• **AVAILABLE DATA**:
[Start of Attachment]

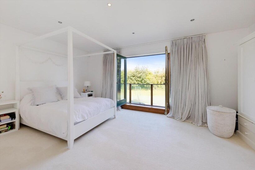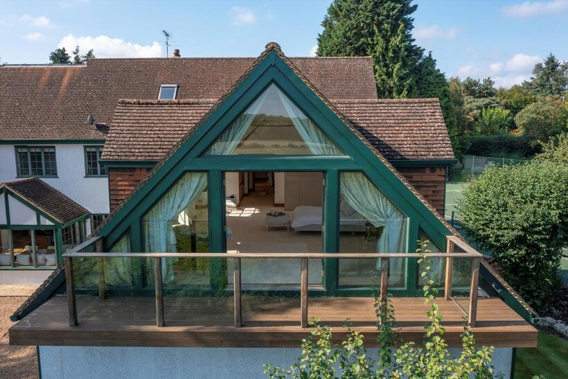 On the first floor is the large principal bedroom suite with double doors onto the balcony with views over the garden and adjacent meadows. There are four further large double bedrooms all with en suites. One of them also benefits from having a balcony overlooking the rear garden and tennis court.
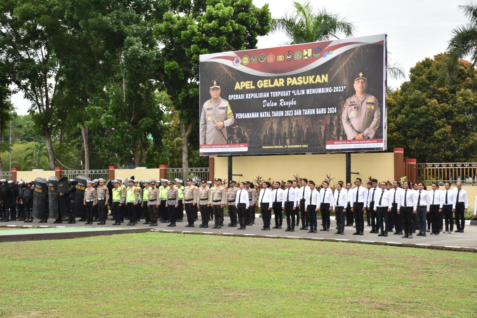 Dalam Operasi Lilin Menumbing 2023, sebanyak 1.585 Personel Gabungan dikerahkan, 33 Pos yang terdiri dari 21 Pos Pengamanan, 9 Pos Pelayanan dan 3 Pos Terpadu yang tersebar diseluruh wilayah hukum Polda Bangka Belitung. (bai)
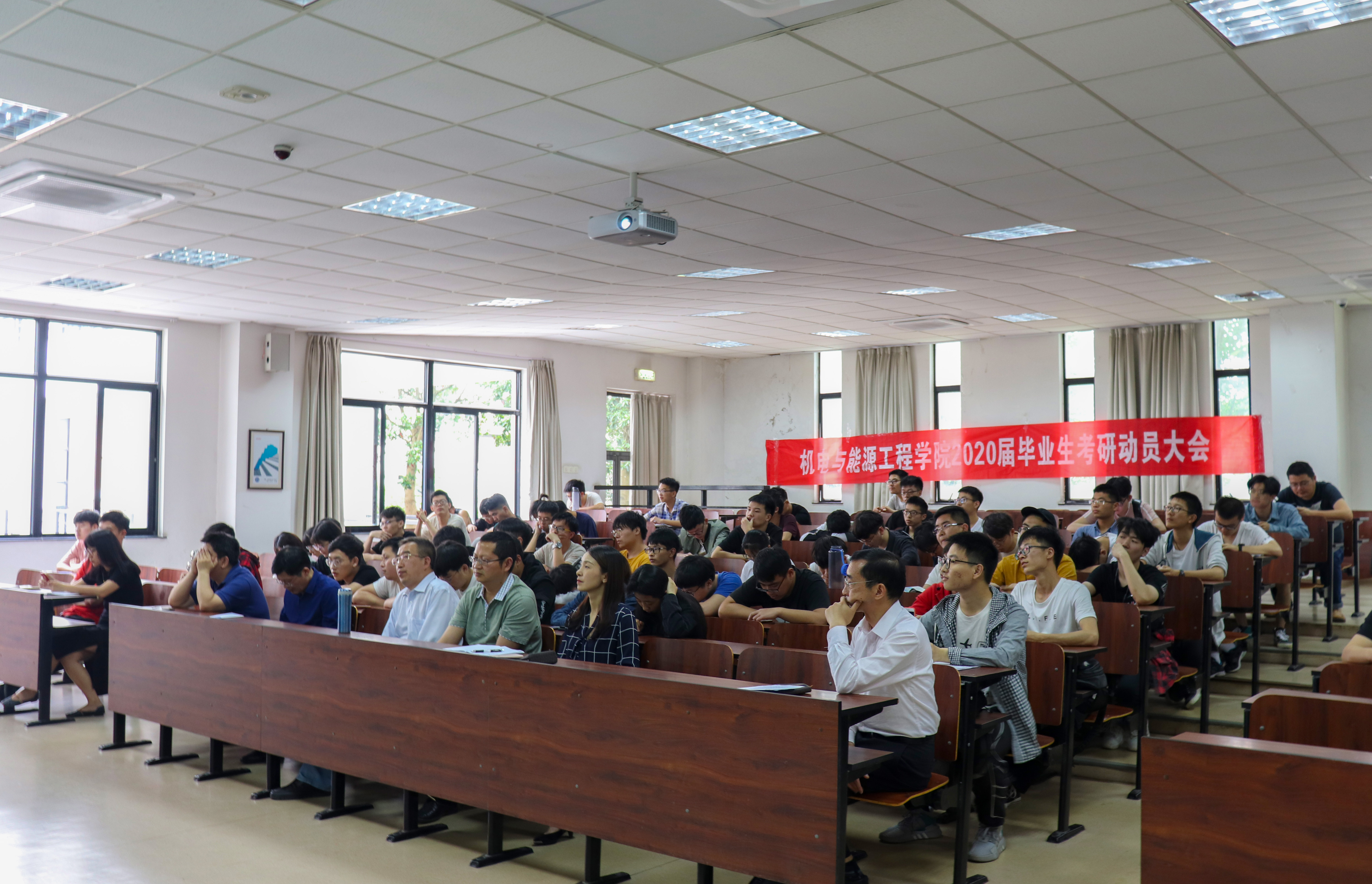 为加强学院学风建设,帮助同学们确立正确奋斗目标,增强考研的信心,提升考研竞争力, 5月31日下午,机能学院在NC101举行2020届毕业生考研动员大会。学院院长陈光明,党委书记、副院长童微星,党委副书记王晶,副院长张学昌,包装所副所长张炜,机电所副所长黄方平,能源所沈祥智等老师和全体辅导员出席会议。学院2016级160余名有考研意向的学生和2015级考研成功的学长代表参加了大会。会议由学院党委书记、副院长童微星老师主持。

[End of Attachment]

• **TASK GOAL**:
The required output is an exact copy of the lines from the start of the material above through the line containing "Dalam Operasi Lilin", inclusive, with no pictures in it.

• **FINISHED TASK**:
 On the first floor is the large principal bedroom suite with double doors onto the balcony with views over the garden and adjacent meadows. There are four further large double bedrooms all with en suites. One of them also benefits from having a balcony overlooking the rear garden and tennis court.
 Dalam Operasi Lilin Menumbing 2023, sebanyak 1.585 Personel Gabungan dikerahkan, 33 Pos yang terdiri dari 21 Pos Pengamanan, 9 Pos Pelayanan dan 3 Pos Terpadu yang tersebar diseluruh wilayah hukum Polda Bangka Belitung. (bai)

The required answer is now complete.